Дверь в спальню открыта, там темно, но с каким-то отсветом. Грошев заглянул и увидел, что Юна лежит на животе, а телефон перед нею. В ушах наушники. Что-то смотрит.

Он открыл холодильник, достал водку, поставил на стол, опять открыл холодильник, взял банку с корнишонами. Налил стопку, полез в банку вилкой, стучал по стеклу, ловя ускользающий огурец, — делал все как днем, без ночной приглушенности движений. Словно давал этим понять Юне: знаю, что ты не спишь. Если захочешь, можешь присоединиться, но сам приглашать не буду.

И Юна вышла из комнаты, спросила:

— Тоже не спишь?

— Как ты догадалась? Выпьешь?

— Ночью стремно… — и села за стол.

— Так будешь или нет? — Не дожидаясь ответа, Грошев достал вторую стопку, налил.

Выпили.

— Значит, в детском саду работала? — спросил Грошев.

— Да, недолго. Практика была от педколледжа.

— А почему не закончила?

— За матерью надо было ухаживать.

— Сильно болела?

— Да. Квартиру на лечение пришлось продать.

— А жили где?

— Мы в рассрочку продали. Есть такие риелторы, они узнают, что человек должен умереть, старый или больной, а денег на лечение нет, они предлагают оформить квартиру на продажу и ждут смерти. Некоторых будто бы ускоряют.

— Убивают?

— Необязательно. Договариваются с врачом или медсестрой, чтобы давали лекарства, от которых хуже будет.

— Это и есть убийство.

— Может быть. Но я следила за этим. Или бывает, когда договор неправильно составлен, человек еще не умер, а они приходят и выносят из квартиры. Реально на улицу. И все по закону, они в бумажку тыкают, а там мелкими буквами все написано.

— Тычут.

— А?

— Тычут. Не тыкают.

— Ну тычут. Какая разница?

— Терпеть этого не могу! Какая разница! Мало что неграмотно говорят, они еще и защищаются! Даже хвастаются!

— Я не защищаюсь и не хвастаюсь, а просто — чем хуже? Тычут — хорошо, хотя смешное слово получается: тыч, тыч! А тыкают — нехорошо. Почему нехорошо-то?

— Не нехорошо, а неправильно! Неграмотно!

— Я не про это. Что изменится? Вот мне сошьют юбку… Нет, я юбок не ношу. Ну, что-нибудь сошьют, нет, я ничего не шью, покупаю, но я теоретически, сошьют что-то не в мой размер, мне неудобно. А тут что неудобно? Тычут, тыкают. Ты же понял, о чем я.
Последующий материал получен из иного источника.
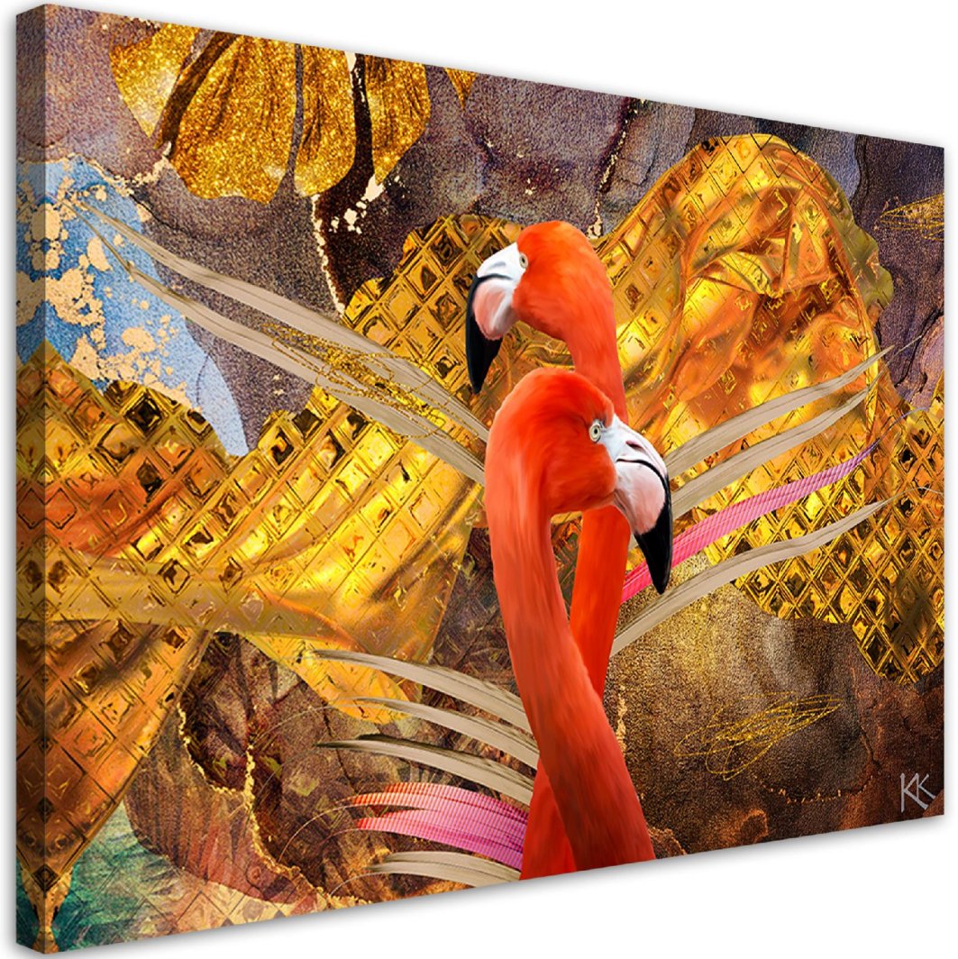 Feeby obraz na płótnie Flamingi na tle ze złota 60x40 medium

— Правильная речь сохраняет язык. Язык — как систему координат. Для лучшего взаимопонимания! А еще она маркер образованности! Она…
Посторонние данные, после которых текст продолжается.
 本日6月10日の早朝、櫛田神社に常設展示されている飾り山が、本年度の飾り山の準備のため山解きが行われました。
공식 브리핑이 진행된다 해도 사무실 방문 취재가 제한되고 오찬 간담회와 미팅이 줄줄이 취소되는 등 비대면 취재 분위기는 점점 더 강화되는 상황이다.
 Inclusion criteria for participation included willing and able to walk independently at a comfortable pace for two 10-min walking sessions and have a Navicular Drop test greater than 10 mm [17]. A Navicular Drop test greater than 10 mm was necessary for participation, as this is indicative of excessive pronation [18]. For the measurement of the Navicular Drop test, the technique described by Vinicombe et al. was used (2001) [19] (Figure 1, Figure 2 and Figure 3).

Юна не дала договорить, подняла палец:

— Вот! Вот и пусть все знают, что я необразованная, зачем я буду кому-то голову дурить?

Грошев развел руками:

— Ну, если так… Значит, вас не выгнали?

— Нет, нормальные риелторы были, им врачи сказали, что ждать не больше полугода, и они терпели, ничего такого не делали. А может, надо бы.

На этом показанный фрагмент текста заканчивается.